Below are some records. Return exactly their lines from the one containing "Chocolisto mezcla en" through the one containing "左边为认购期权(买涨)、右边为认沽期权(买跌)", and drop the pictures.

→ Information provided
..........
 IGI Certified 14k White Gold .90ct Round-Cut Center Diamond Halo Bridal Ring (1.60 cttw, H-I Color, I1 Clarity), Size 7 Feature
..........
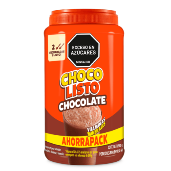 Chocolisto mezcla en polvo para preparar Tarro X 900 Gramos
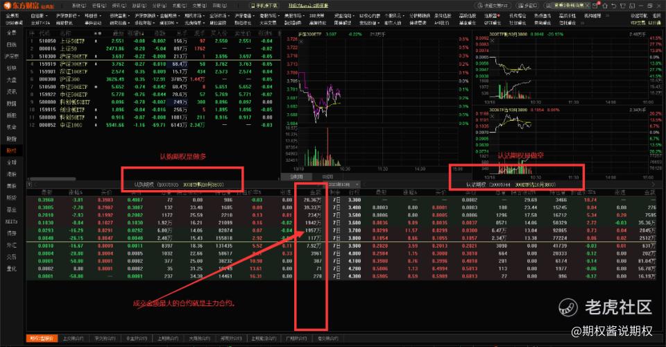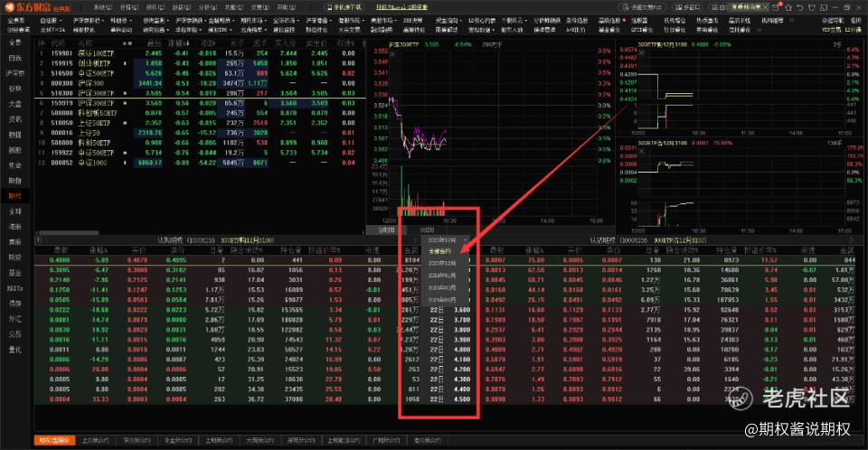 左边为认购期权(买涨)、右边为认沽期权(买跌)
..........
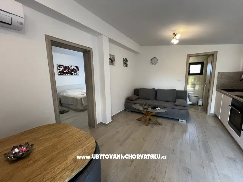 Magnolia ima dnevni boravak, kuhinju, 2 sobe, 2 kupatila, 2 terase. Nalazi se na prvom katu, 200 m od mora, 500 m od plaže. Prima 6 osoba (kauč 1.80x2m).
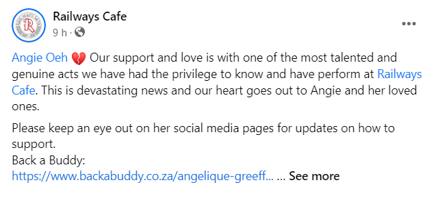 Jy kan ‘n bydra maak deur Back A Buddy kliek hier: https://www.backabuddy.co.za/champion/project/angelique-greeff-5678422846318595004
..........
→ Response box
 Chocolisto mezcla en polvo para preparar Tarro X 900 Gramos
 左边为认购期权(买涨)、右边为认沽期权(买跌)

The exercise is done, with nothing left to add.